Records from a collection
..............................

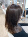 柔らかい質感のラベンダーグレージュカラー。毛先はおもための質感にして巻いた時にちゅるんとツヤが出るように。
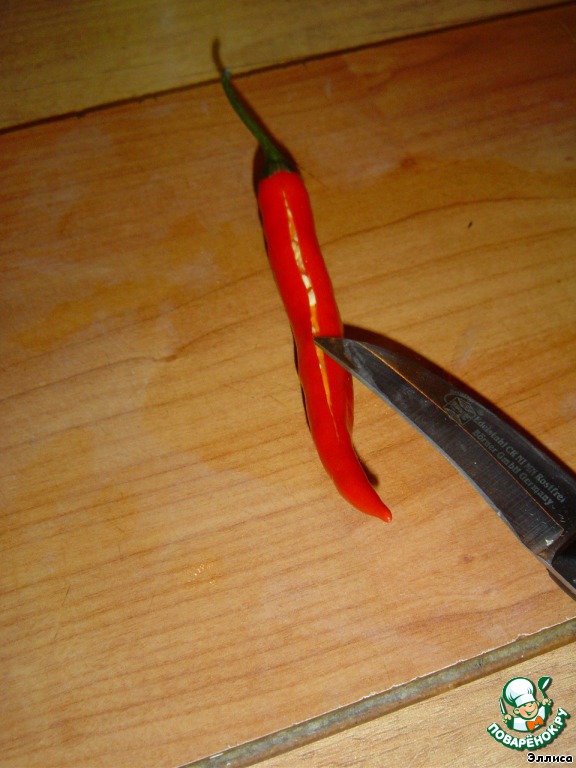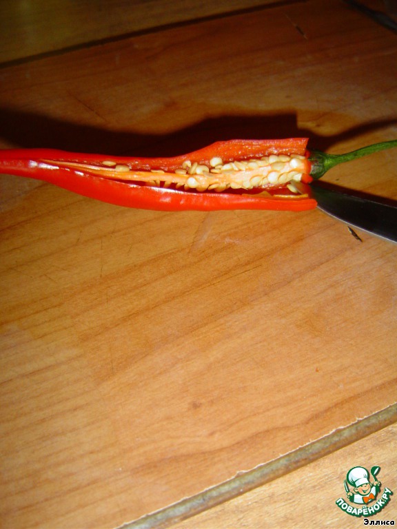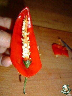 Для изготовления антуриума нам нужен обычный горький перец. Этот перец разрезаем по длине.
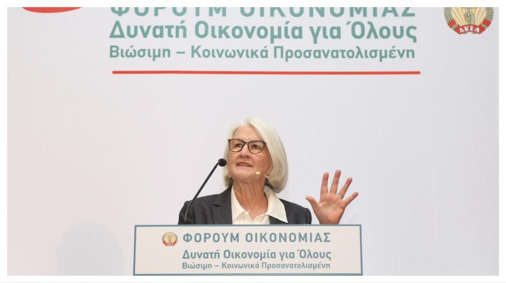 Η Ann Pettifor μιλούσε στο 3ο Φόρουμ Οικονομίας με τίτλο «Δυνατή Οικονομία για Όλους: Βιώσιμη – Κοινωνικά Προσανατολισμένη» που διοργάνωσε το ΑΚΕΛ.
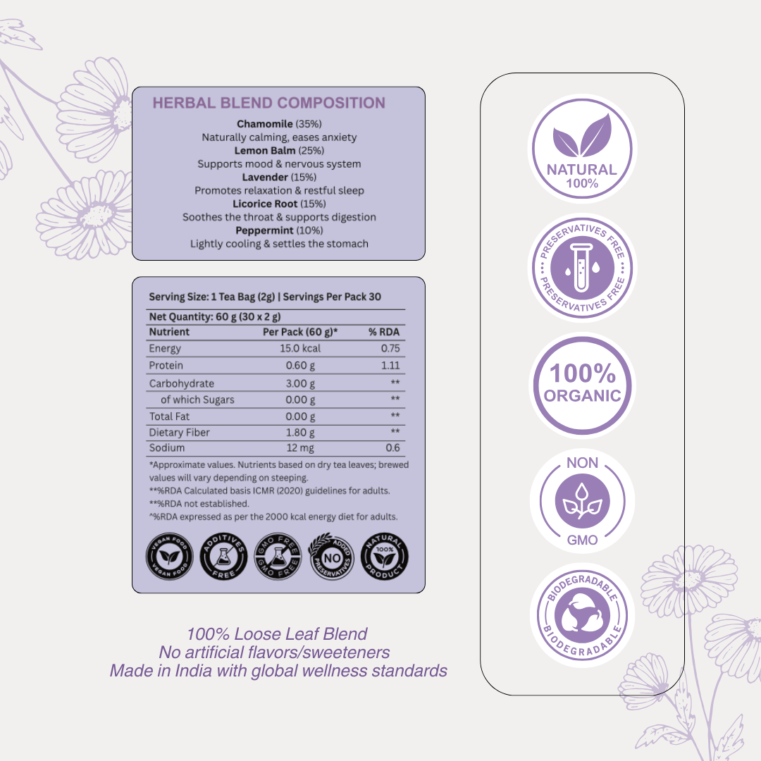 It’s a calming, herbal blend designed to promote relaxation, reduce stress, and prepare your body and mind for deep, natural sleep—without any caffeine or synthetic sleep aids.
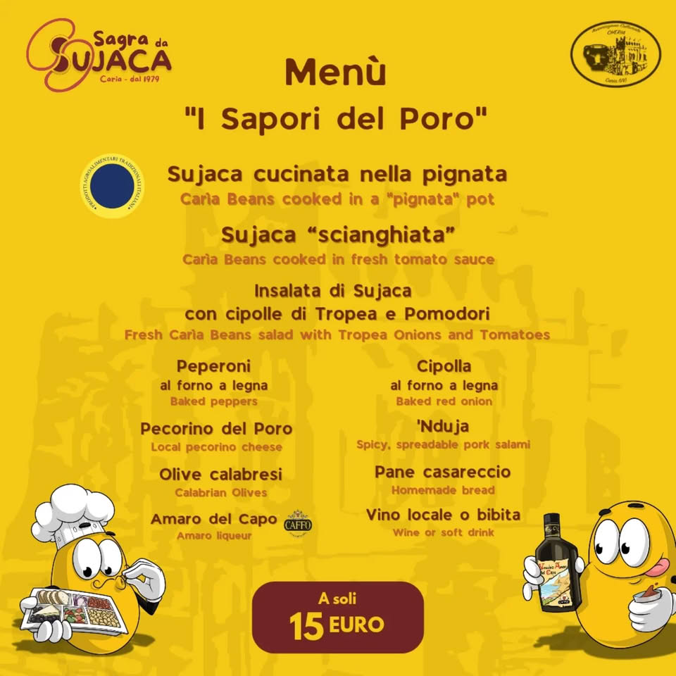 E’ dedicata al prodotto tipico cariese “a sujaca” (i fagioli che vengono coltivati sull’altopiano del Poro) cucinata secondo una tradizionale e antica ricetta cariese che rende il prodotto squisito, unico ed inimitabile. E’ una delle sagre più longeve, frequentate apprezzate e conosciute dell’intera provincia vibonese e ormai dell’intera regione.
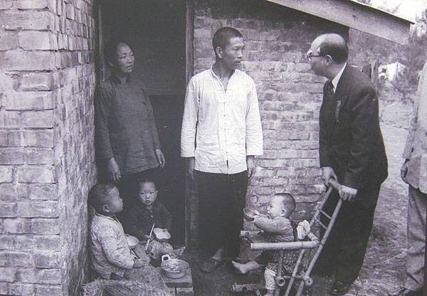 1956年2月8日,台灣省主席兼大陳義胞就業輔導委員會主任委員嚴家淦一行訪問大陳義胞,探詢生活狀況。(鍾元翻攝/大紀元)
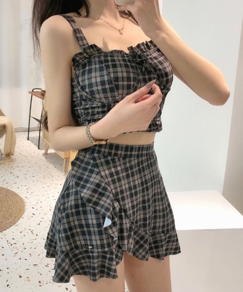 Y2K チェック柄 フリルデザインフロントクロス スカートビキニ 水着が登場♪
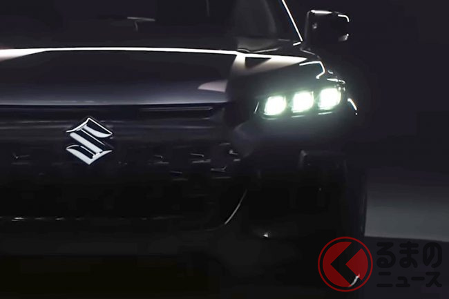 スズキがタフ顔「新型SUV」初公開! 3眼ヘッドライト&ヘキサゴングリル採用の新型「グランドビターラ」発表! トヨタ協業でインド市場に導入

..............................

## What you are asked to do
Print every entry above again without changing a word, and omit the pictures.

## Exercise answer
 柔らかい質感のラベンダーグレージュカラー。毛先はおもための質感にして巻いた時にちゅるんとツヤが出るように。
 Для изготовления антуриума нам нужен обычный горький перец. Этот перец разрезаем по длине.
 Η Ann Pettifor μιλούσε στο 3ο Φόρουμ Οικονομίας με τίτλο «Δυνατή Οικονομία για Όλους: Βιώσιμη – Κοινωνικά Προσανατολισμένη» που διοργάνωσε το ΑΚΕΛ.
 It’s a calming, herbal blend designed to promote relaxation, reduce stress, and prepare your body and mind for deep, natural sleep—without any caffeine or synthetic sleep aids.
 E’ dedicata al prodotto tipico cariese “a sujaca” (i fagioli che vengono coltivati sull’altopiano del Poro) cucinata secondo una tradizionale e antica ricetta cariese che rende il prodotto squisito, unico ed inimitabile. E’ una delle sagre più longeve, frequentate apprezzate e conosciute dell’intera provincia vibonese e ormai dell’intera regione.
 1956年2月8日,台灣省主席兼大陳義胞就業輔導委員會主任委員嚴家淦一行訪問大陳義胞,探詢生活狀況。(鍾元翻攝/大紀元)
 Y2K チェック柄 フリルデザインフロントクロス スカートビキニ 水着が登場♪
 スズキがタフ顔「新型SUV」初公開! 3眼ヘッドライト&ヘキサゴングリル採用の新型「グランドビターラ」発表! トヨタ協業でインド市場に導入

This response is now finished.